But seriously, I've done a fair few papers and am getting upwards of 90% each time, I think timing's going to be the only issue for me.
Maybe I should do some timed papers today?

Also thank you to Master Jomi for uploading the Jan 2010 papers :smile:
Reply 21
Only just noticed this thread :smile:
I'm finding C3 pretty good, there are some quite nice easy things on this paper. Integration I've found is my weakest point.
Just wanted to check if I'm missing out any trig identities. I've got:

Cosec^2x = 1+cot^2x
Sec^2x = 1+tan^2x
Sin^2x + cos^2x = 1
Tanx = sinx/cosx
MasterJomi
Here's the Jan 2010 paper that some of us did with the mark scheme!

Enjoy. :biggrin:

thank you very much :eek3:
Reply 23
kathx1
Only just noticed this thread :smile:
I'm finding C3 pretty good, there are some quite nice easy things on this paper. Integration I've found is my weakest point.
Just wanted to check if I'm missing out any trig identities.
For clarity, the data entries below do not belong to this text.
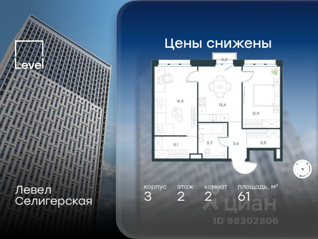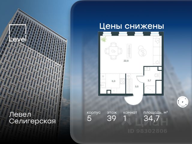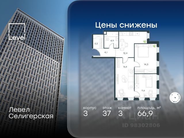 Цена указана с учётом скидки при 100%-й оплате, несубсидированной ипотеке, рассрочке (кроме программы "Рассрочка 0%"). В жилом квартале, расположенном в южной части района Западное Дегунино, продаётся 1-комнатная квартира площадью 40.50 кв.м без отделки. Квартира расположена на 33 этаже 40-этажного корпуса 3 в жилом комплексе комфорт-класса Левел Селигерская (компания Level Group/Левел групп). Отличная транспортная доступность: - 10 мин. пешком до станции метро "Верхние Лихоборы"; - 15 мин. пешком до станции метро "Селигерская"; - 20 мин. пешком до станции МЦД-3 "Моссельмаш"; - 11 мин. на авто до МКАД; - 13 мин. на авто до ТТК; - 16 мин. на авто до Садового кольца. Расположение Район отличается богатой социальной инфраструктурой: школы, детские сады, поликлиники, магазины, фитнес-клубы, торговые центры - всё близко к дому. Рядом с Левел Селигерская расположено 5 парковых зон. В 3 минутах от дома расположен перспективный сквер-парк. В 10 минутах пешком находится парк им. Святослава Фёдорова, в 13 минутах на велосипеде - парк "Ангарские пруды". В 7-11 минутах на автомобиле - два крупных природных объекта: Тимирязевский парк и Главный ботанический сад Российской академии наук. Благоустройство Внутренние дворы жилого комплекса огорожены от машин, а их функциональное наполнение отличается в зависимости от очереди строительства. На территории 2-й очереди жителей ждут уютные навесы с качелями, павильон-читальня, волейбольная площадка, беседки, а также детские и спортивные площадки. Технологии и инженерия Для входа на территорию комплекса предусмотрен единый ключ доступа. Все общественные зоны оснащены камерами видеонаблюдения, по заявке собственнику предоставляется возможность просмотра изображения отдельных видеокамер на его мобильном устройстве. При въезде в паркинг функционирует система распознавания госномеров. Кроме того, для комфорта жителей создано мобильное приложение, с помощью которого можно удаленно контролировать доступ на придомовую и жилую территории. Другие преимущества жилого комплекса - Высокая освещённость квартир: в большинстве из них не менее трёх окон; - Супермаркет, магазины, кафе, пекарни и многое другое на первых этажах домов; - Частный детский сад; - Стильные дизайнерские лобби с высокими потолками до 4,3 м. и окнами в пол, для питомцев предусмотрена лапомойка; - 30+ планировочных решений: от компактных студий до просторных семейных квартир; - С каждого этажа дома на лифте можно спуститься в подземный отапливаемый паркинг."
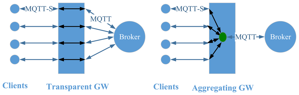 Figure 4 illustrates the concepts of transparent and aggregating gateway. A transparent gateway sets up and maintains an MQTT connection to the MQTT broker for each connected MQTT-S client. The gateway only performs translation between the two protocols. The implementation of this type of gateways is simpler than the implementation of an aggregating gateway. The use of an aggregating gateway requires only one MQTT connection to the broker. While connections at the transparent gateway are end-to-end (client to broker), connections with an aggregating gateway end at the gateway (client to gateway) that then decides which information will be given further to the broker [63]. Therefore, there is a trade-off between complexity and scalability of the gateways' implementation.
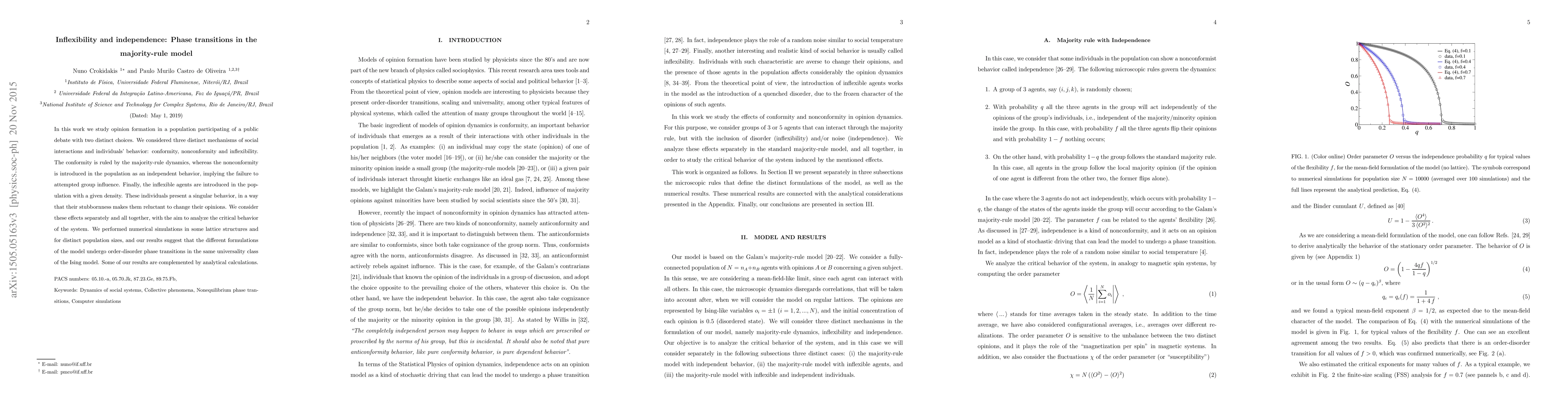 In this work we study opinion formation in a population participating of a public debate with two distinct choices. We considered three distinct mechanisms of social interactions and individuals' behavior: conformity, nonconformity and inflexibility. The conformity is ruled by the majority-rule dynamics, whereas the nonconformity is introduced in the population as an independent behavior, implying the failure to attempted group influence. Finally, the inflexible agents are introduced in the population with a given density. These individuals present a singular behavior, in a way that their stubbornness makes them reluctant to change their opinions. We consider these effects separately and all together, with the aim to analyze the critical behavior of the system. We performed numerical simulations in some lattice structures and for distinct population sizes, and our results suggest that the different formulations of the model undergo order-disorder phase transitions in the same universality class of the Ising model. Some of our results are complemented by analytical calculations.
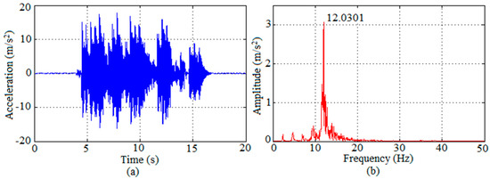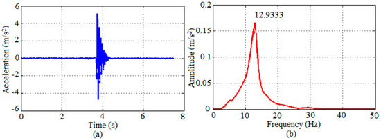 Response of Prototype II to heel-drop performed by Volunteer 4 in terms of graphs: (a) acceleration along time; (b) respective spectrum.
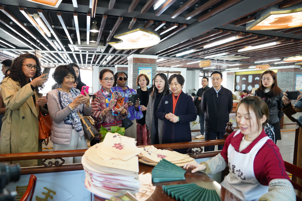 At the "Perceiving China, Beauty and Harmony" event on March 11, a delegation comprising spouses of ambassadors to China from countries including Jamaica, Argentina, Indonesia, Latvia and Portugal went to Hangzhou in Zhejiang province to experience the local intangible cultural heritage.
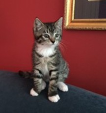 Bear is a dapper little fellow in his chocolate pin-striped suite and spats (at least that's how his white hind feet appear!). He is a kitten of many talents. Bear likes to imitate dogs by following his humans around the house. He's the perfect host who greets all visitors and socializes by climbing into any welcoming arms. His "thank you" is a rumbling purr. Bear is a teacher, too: he trained two fellow foster kittens how to be outgoing, just like him. This love bug is great with other cats and despite a health crisis when he was small, he is happy-go-lucky. With daily meds, Bear is robust and playful. Give this snuggly fellow the reward of a loving home, one that can honor his upbeat personality and resilience!
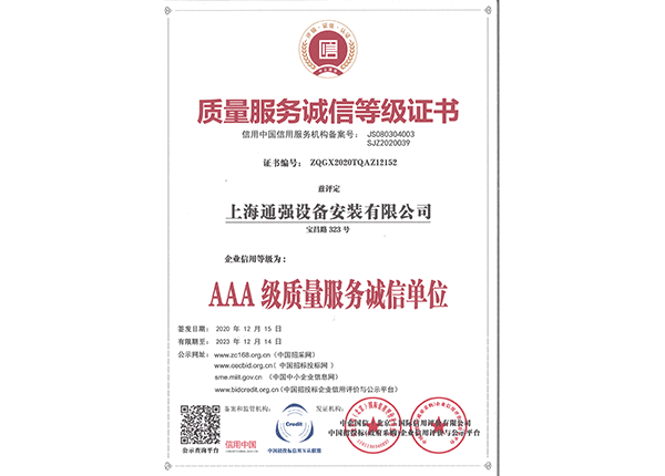 上海通強設備安裝有限公司注冊資金2000萬元,資產總量為100000萬元的專業(yè)設備安裝公司,公司專業(yè)從事工業(yè)與民用建筑的設備安裝、非標設備的制作、鋼結構制作安裝、中央空調系統(tǒng)的安裝,水電及管道的安裝。經(jīng)過20多年艱苦創(chuàng)業(yè)現(xiàn)已成為一個具有國家二級安裝資質,獲得上海市“重合同,守信用”的施工單位。
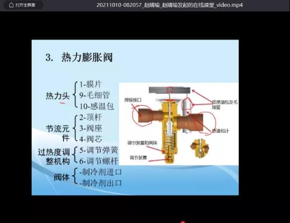 这次的课程全部采用钉钉平台视频会议形式,课前精析教材,精设课件, 精心制作的PPT课件内容丰富,图文并茂,动画生动,通过把制冷装置复杂的部件结构图和工作原理以实物图片、动画的形式展现出来,对流体的流动方向,复杂结构部件的移动,压力、温度等参数的变化表现直观,带入感强。容易让学生理解并且印象深刻,便于强化记忆,收到良好的教学效果。

I've got:

Cosec^2x = 1+cot^2x
Sec^2x = 1+tan^2x
Sin^2x + cos^2x = 1
Tanx = sinx/cosx

I am pretty sure they're all the identities we need to know :smile:
Reply 24
kathx1
Only just noticed this thread :smile:
I'm finding C3 pretty good, there are some quite nice easy things on this paper. Integration I've found is my weakest point.
Just wanted to check if I'm missing out any trig identities. I've got:

Cosec^2x = 1+cot^2x
Sec^2x = 1+tan^2x
Sin^2x + cos^2x = 1
Tanx = sinx/cosx

S'it.
You only need to remember the sin^2x+cos^2x=1
And then divide by either sin^2x or cos^2x.
Jeester
I need some help!

I was just marking June '07 and I got to the final part of the last question:
http://store.aqa.org.uk/qual/gceasa/qp-ms/AQA-MPC3-W-MS-JUN07.PDF
You are supposed to use radian mode when doing this question but I did it in degrees, how do I know to use radions instead?

Thanks guys.


You have to use radians because the limits are 1 and 0.5 - it's not going to ask you to integrate between and 0.5º. And I think you can use those identities with degrees and radians - just look at the limits to know which one to use; it's usually really obvious when you think about it.
4cotx^2 + 12cosecx + 1=0

Got to the last part after putting identities inn. Cant seem to get final answer can anyhelp?
Va_Va_ Voom
4cotx^2 + 12cosecx + 1=0

Got to the last part after putting identities inn. Cant seem to get final answer can anyhelp?


You need to make sure you only have ONE trig identity in there - so either have the equation in terms of cosecx OR cotx; you can't have both because it relies on factorising or using the quadratic formula so you have the 2 possible values for x.
Va_Va_ Voom
4cotx^2 + 12cosecx + 1=0

Got to the last part after putting identities inn. Cant seem to get final answer can anyhelp?


What paper and question number are we looking at? (assuming it's from a past paper)

EDIT: decided to try and solve it, to see if I can help. If there's any mistakes in there, I'm sure someone will point them out. :smile:

sin^2(x) + cos^2(x) = 1

divide by sin x
1 + cot^2(x) = cosec^2(x)

rearrange for cot^2(x)
cot^2(x) = cosec^2(x) - 1

substitute into the question
4(cosec^2(x) - 1) + 12 cosec(x) + 1 = 0

Multiply out the bracket
4cosec^2(x) - 4 + 12cosec(x) + 1 = 0

Simplify
4cosec^2(x) + 12cosec(x) - 3 = 0

Doesn't factorise so put in quadratic formula
a = 4, b = 12, c = -3
cosec(x) = -(12)+-root((12)^2-4(4)(-3))/2(4) = (-3+-2root3)/2 (did on calc)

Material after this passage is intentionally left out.